━━━━━ Data supplied

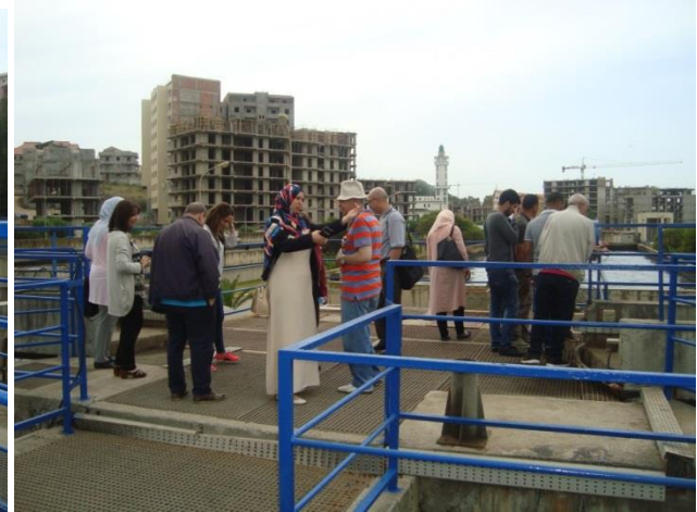
Visite guidées des installations de la station d'épuration de Boumerdes – Algérie.(1)
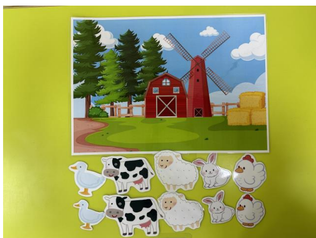
10 張動物圖卡及農場背景圖片(A3 尺寸)
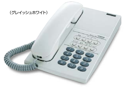
(グレイッシュホワイト)
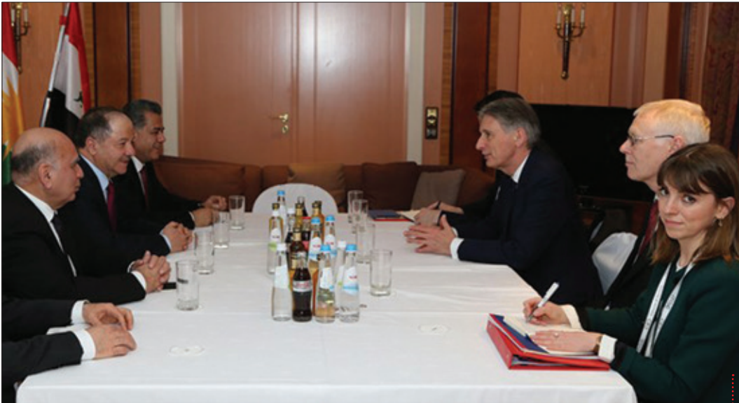
سەرۆك بارزانی لە گەل وەزیری دەرەوی بەریتانیا

بریارى خۆى بدات، ئەویش ناچاره بریارى میلیهتى خۆى جیبه جی بکات، له دواى دهرکهوتنى داعش و راگه یاندى خه لافهتى ئیسلامیش، بارودۆخه که راشکاوانه به هه موو جیهان ده لیت، جارێکی دیکه رۆژه لاتى ناوهراس ت به گشتى و عیراق و سووریا به تاییه تى ناگه پینه وه بۆ پیش دهرکهوتنى داعش و داگیرکردنى موسل و راگه یاندى خه لافهتى ئیسلامى له سووریا و عیراقدا، که واته ئەم وهرچهرخانه پیوستى به خۆ ئاماده کردن هه یه، ئەو نه ته وه و گه لانه ی سهرکرده ی لیها توو و به ئەزمونى وه ک سهرۆک بارزانی میان هه یه، خۆیان بۆ ئەم پیشهاته ئاماده ده کهن، ههر ئەم خۆ ئاماده کردنه شه بۆ پرۆسه ی سهربه خۆی ته وای ناچه زانى کوردستان و دهوله تى کوردستانى کردۆته دوژمنى بارزانی، واته دژایه تى دهوله تى کوردستان له دژایه تى راسته وخۆ و ناراسته وخۆى سهرۆک بارزانی دا کۆکراوته وه.
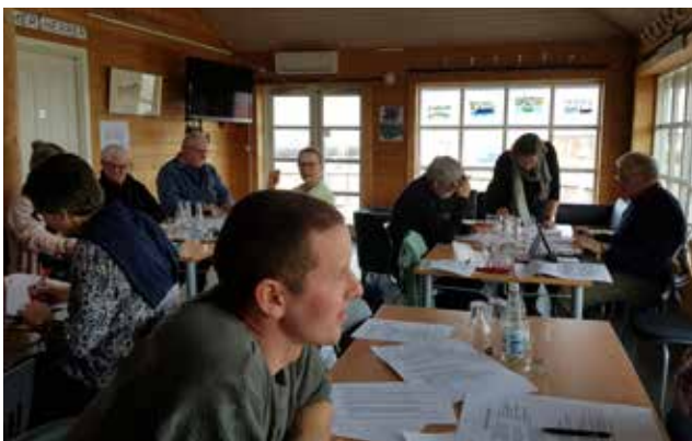
12 - 12 møde på Omø den 28. marts 2019

Manglende kendskab til kommunens bosætningsindsats og mulighed for samspil om tiltrækning af nye borgere til øerne.
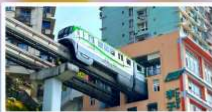
รถไฟฟ้าลัดคิว
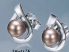
Z16-41 / E
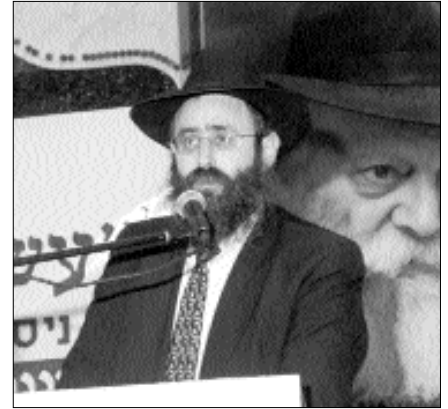
הרב מנחם מענדל גלוקובסקי: יום כ"ח ניסן הוא היום הגדול בחייו של חסיד, ביום זה קיבלנו כוחות מיוחדים שלא ניתנו לנו עד כה, כדי לבצע את המשימה הגדולה של הבאת המשיח כפי שפורטה באריכות באחד-עשר החודשים שלאחר מכן."
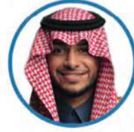
الأمين العام أ. عبدالله بن عبدالله العباس
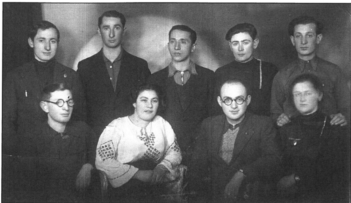
ינואר 1938 - בקיבוץ בעיר בנדין
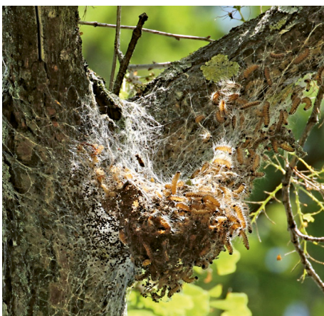
Gespinstnest des Eichenprozessionsspinners.
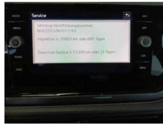
Fahrzeug - Serviceunterlagen / Wartungsnachweis
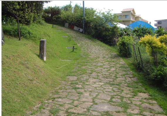
【普天満参詣道】（国指定史跡）

地域では「当山の石畳道」と呼ばれています。琉球国王が普天満宮を参詣する際に通ったといわれています。平成24年9月19日に国の史跡に指定されました。

━━━━━━━━━━

What to work on -
Could the lines from the first entry through the line that contains "سەرۆك بارزانی لە گەل وەزیری دەرەوی بەریتانیا" be copied exactly, with all pictures left out?

Response for this exercise -
Visite guidées des installations de la station d'épuration de Boumerdes – Algérie.(1)
10 張動物圖卡及農場背景圖片(A3 尺寸)
(グレイッシュホワイト)
سەرۆك بارزانی لە گەل وەزیری دەرەوی بەریتانیا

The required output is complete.